Multifunctional Porphyrin-Based Nanomedicine Platform

Tech ID: 23919 / UC Case 2013-338-0


Researchers at UC Davis have developed a novel targeting multifunctional drug vehicle that allows chemotherapeutics to better infiltrate tumors.

Full Description

Several effective chemotherapeutic agents for treatment of various cancer types are very insoluble in water, requiring formulations that induce unwanted side effects. Recently nano-therapeutic formulations have been shown to improve the clinical toxicity profiles of the drugs, but their anti-tumor effects are only marginally better than the original drug formulations. This has been attributed in part to the relatively large size of the nano-therapeutic formulations, which limits the extent to which the drugs can penetrate into tumor mass. In some cases, the large size also causes noano-therapeutics to be trapped in the liver leading to a number of additional concerns. Accordingly, there is a need to develop smaller stealth and biocompatible nanocarriers for effective delivery of anti-cancer drugs in vivo.

Researchers at the University of California Davis have developed a novel targeting multifunctional porphyrin-based nanomedicine platform for cancer diagnosis and therapy. A novel telodendrimer was designed with linear polyethylene glycol, oligo-cholic acids, and porphyrin analogues. 

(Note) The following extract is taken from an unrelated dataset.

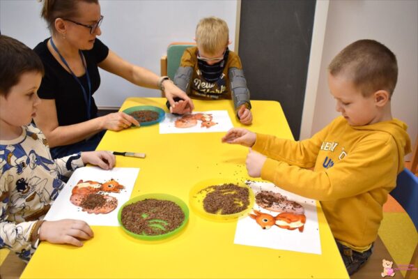 Przedszkolaki z grupy „Dinusiów” 🦕🦕🦕w zeszłym tygodniu omawiali temat „Przygotowania do zimy”. W trakcie zajęć dowiedzieliśmy się, które zwierzęta zasypiają w sen zimowy. Dopasowaliśmy do nich domki, gdzie przetrwają zimę. Uczyliśmy się stosunków przestrzennych na karmniku jak również pesetami wyjmowaliśmy orzechy z karmnika ćwicząc swój chwyt. Ciocia pokazała nam różne ziarenka, którymi możemy dokarmiać ptaszki zimą. Mieliśmy zajęcia techniczne polegające na zbiciu karmnika, który zabrał do domu. Podczas zajęć klik umiem to w mig wskazywaliśmy co dane zwierzę robi przed nadejściem zimy. Na koniec wykonaliśmy pracę plastyczną polegającą na wyklejeniu ogona wiewiórki siemieniem lnianym.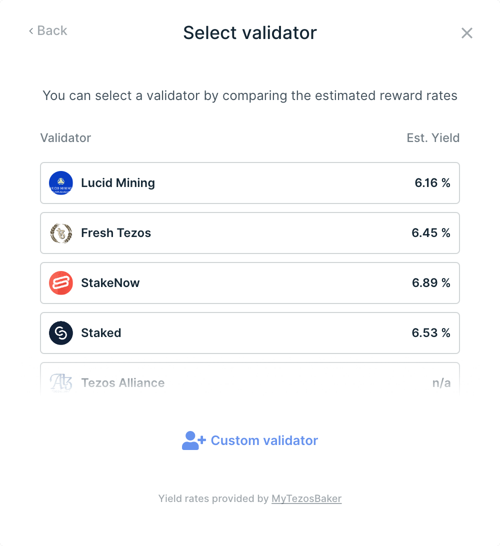 - Nhấp Select để chọn thủ công trình xác thực (validator). Bạn cũng có thể thêm trình xác thực (validator tùy chỉnh) bằng cách nhập địa chỉ validator. Tham khảo Baking Bad để biết thêm thông tin về validator.

This telodendrimer can self-assemble into nanomicelles that exhibit excellent biocompatibility, high absorption of near-infrared light, structure-dependent fluorescence quenching/emission, and ease of chelation of metal ions. The micelles can efficiently load many hydrophobic anticancer drugs (e.g. paclitaxel, doxorubicin, and vincristine). When cross linked via disulfide bonds or boronate ester bonds, the micelles are able to maintain integrity in physiological conditions and can be triggered to release the drug contents at the tumor sites.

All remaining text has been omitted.